Martin initially alleged two forms of adverse employment action: (1) denial of paid vacation benefits and (2) constructive discharge. As noted above, he has withdrawn his claim concerning vacation benefits in the face of Champion’s production of payroll records contradicting that claim. See note 4, supra. Thus, to establish this element of his discrimination claim Martin must show that he was constructively discharged. The Eighth Circuit Court of Appeals has stated: “To prove a constructive discharge, an employee must show that the employer deliberately created intolerable working conditions with the intention of forcing her to quit.” Alvarez v. Des Moines Bolt Supply, Inc., 626 F.3d 410, 418 (8th Cir.2010); see also Van Meter Indus, v. Mason City Human Rights Comm’n, 675 N.W.2d 503, 511 (Iowa 2004). Moreover, “an employee must give [his or] her employer a reasonable opportunity to resolve a problem before quitting.” Sanders v. Lee Cnty. Sch. Dist. No. 1, 669 F.3d 888, 893 (8th Cir.2012); see also Van Meter, 675 N.W.2d at 511.
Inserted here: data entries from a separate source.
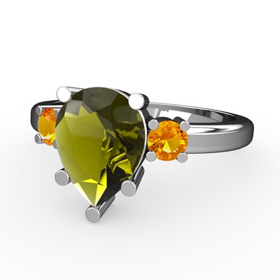 Peridot ve sitrin 14 ayar beyaz altın yüzük
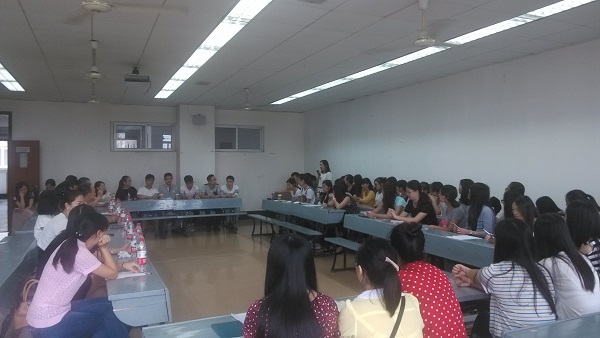 10:20,见面会正式开始,在主持人贺妍老师的介绍下,同学们认识了出席会议的学院领导和老师。之后便是同学们的自我介绍环节。为鼓励同学们放下拘谨、敞开心扉,贺妍老师首先向在场的同学做了精彩的自我介绍,会场气氛一下显得轻松融洽起来,同学们都一一起立,大方自信地进行自我展示,不时有幽默风趣的发言出现,引来场上的阵阵欢笑。
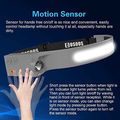 ✔️Modalità Sensore, Luce Vivavoce - La nostra lampada frontale COSOOS grandangolare ha una batteria al litio incorporata da 1202 mAh e può essere caricata tramite il cavo di ricarica USB C incluso e il caricatore da muro. Quando la luce è accesa, puoi premere brevemente il pulsante del sensore e impostarlo come modalità sensore (la spia diventa gialla da rossa).
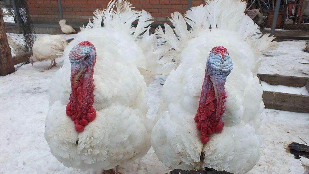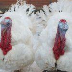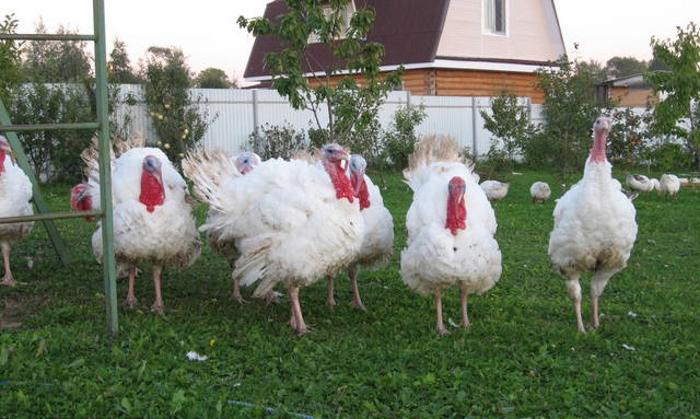 Eine der beliebtesten Arten schwerer Putenkreuze im Alter von 4 Monaten wiegt bereits 20 Kilogramm, Frauen - etwa 11. Fleisch hat gute Eigenschaften, der Fettanteil beträgt nur 8%. Die Eierproduktionsraten sind durchschnittlich - 100 Stück pro Jahr.
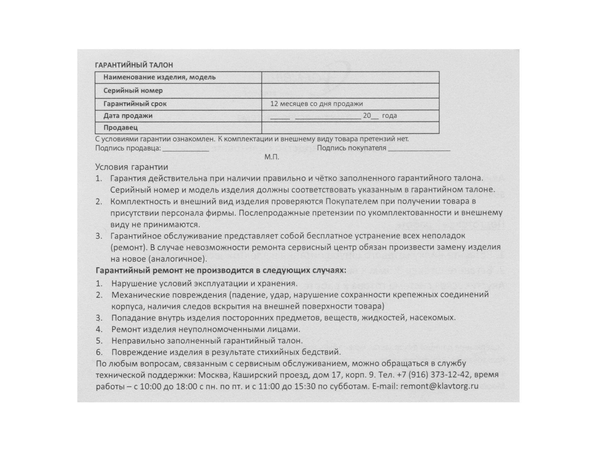 Гарантия: 1 год
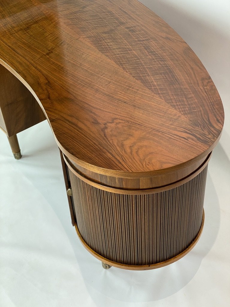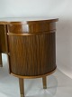 Kai Kristiansen var kendt for sit talent for at kombinere æstetik med funktionalitet, og dette skrivebord er et glimrende eksempel på dette. Det indbyggede barskab og jalousilåger tilføjer ekstra opbevaringsplads og skaber samtidig et rent og strømlinet udseende.
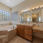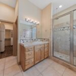 You’ll love this 2,666 SF custom home in the gated Crystal Canyon subdivision. Situated on a corner lot, this Tuscan-style home offers excellent curb appeal and quality 2×6 construction. Enter through custom French doors into a grand foyer with 14-ft ceilings and tile inlay. The spacious main bedroom includes patio access and a luxurious en-suite with soaking tub, custom tile shower, dual vanities, and a large walk-in closet. Two guest bedrooms feature en-suite baths and walk-in closets, plus there’s a convenient powder room. The kitchen is an entertainer’s dream-rich cabinetry, stainless steel appliances, and rough-edged granite countertops. A three-car garage offers plenty of space. The fully fenced backyard includes a large covered patio, outdoor kitchen, and waterfall feature. Residents enjoy access to the Crystal Canyon pool, hot tub, and Mesquite Vistas Sports Club.
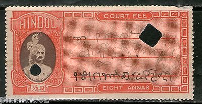 India Fiscal Hindol State 8As Type 12 KM 124 Court Fee Stamp Revenue # 4069A
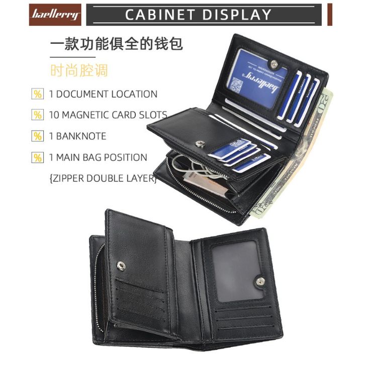 DOMPET - DOMPET COWOK -DOMPET PRIA KULIT IMPORT HITAM LIPAT KECIL BERDIRI PENDEK BAELLERRY ORI MURAH ASLI VIRGIL WA058B5
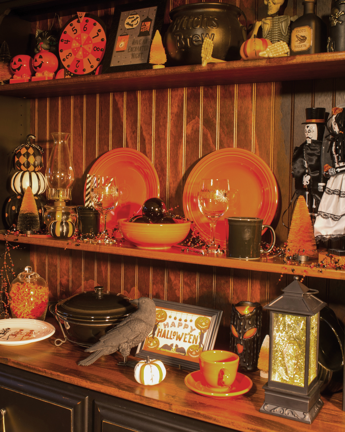A glass-doored cabinet holds many of the vintage papier-mâché pumpkins and other seasonal decorations that Gary favors.
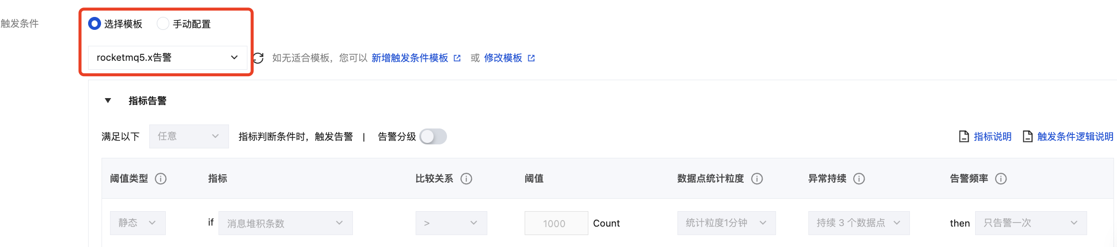 3. 设置告警触发条件,支持选择模板和手动配置,默认选择手动配置。
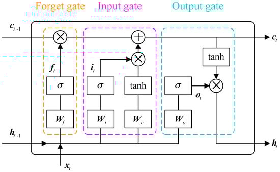 Figure 6 gives the architecture of an LSTM unit. There exist three types of gates in LSTM, i.e., input gate, forgetting gate and output gate. The first gate controls the input of new information in the memory cell. The second gate is response for whether previous information should be forgotten from memory cells. The last gate controls the output of information. The information is transmitted in the following order. The current information is first passed through the input gate to see whether there is input information. The second step is to judge whether the forgetting gate chooses to forget the information in the memory cell. Finally, the available information is further transmitted the output gate to judge whether to output the information at that moment.

*762The constructive discharge analysis is similar to, and ultimately more stringent than, the hostile work environment analysis:

To prove a constructive discharge, the plaintiff must prove that her employer rendered the employee’s working conditions intolerable, forcing the employee to quit. See Delph v. Dr. Pepper Bottling Co. of Paragould, Inc., 130 F.3d 349, 354 .(8th Cir.1997); Kimzey v. Wal-Mart Stores, Inc., 107 F.3d 568, 574 (8th Cir.1997). “Behavior that can be characterized as ‘merely offensive’ is not actionable, but ‘a tangible psychological injury’ on the part of the employee is not required for the employer’s behavior to be illegal.” Delph, 130 F.3d at 354 (quoting Harris, 510 U.S. at 21, 114 S.Ct. 367). If the plaintiff is to succeed on such a claim, the conduct complained of must have been “severe or pervasive enough to create an objectively hostile or abusive work environment — an environment that a reasonable person would find hostile or abusive.” Id. (quoting Harris, 510 U.S. at 21, 114 S.Ct. 367). Furthermore, the environment must be perceived subjectively by the victim as hostile, or the conduct cannot be said to have “actually altered the conditions of the victim’s employment, and there is no Title VII violation.” Id. (quoting Harris, 510 U.S. at 21-22, 114 S.Ct. 367) (citing Kimzey, 107 F.3d at 573). The Eighth Circuit has held that “the employer’s actions leading to the decision to quit must have been deliberate, and taken with the intention of forcing the employee to quit.” Id. (quoting Johnson v. Bunny Bread Co., 646 F.2d 1250, 1256 (8th Cir.1981)). In the alternative, where conscious intent is absent, the intention element may nevertheless be satisfied by proof demonstrating the employee’s “resignation was a reasonably foreseeable consequence” of the hostile atmosphere of the plaintiff’s workplace. Id. (citing Hukkanen v. Int’l Union of Operating Eng’rs, Local 101, 3 F.3d 281, 285 (8th Cir.1993)).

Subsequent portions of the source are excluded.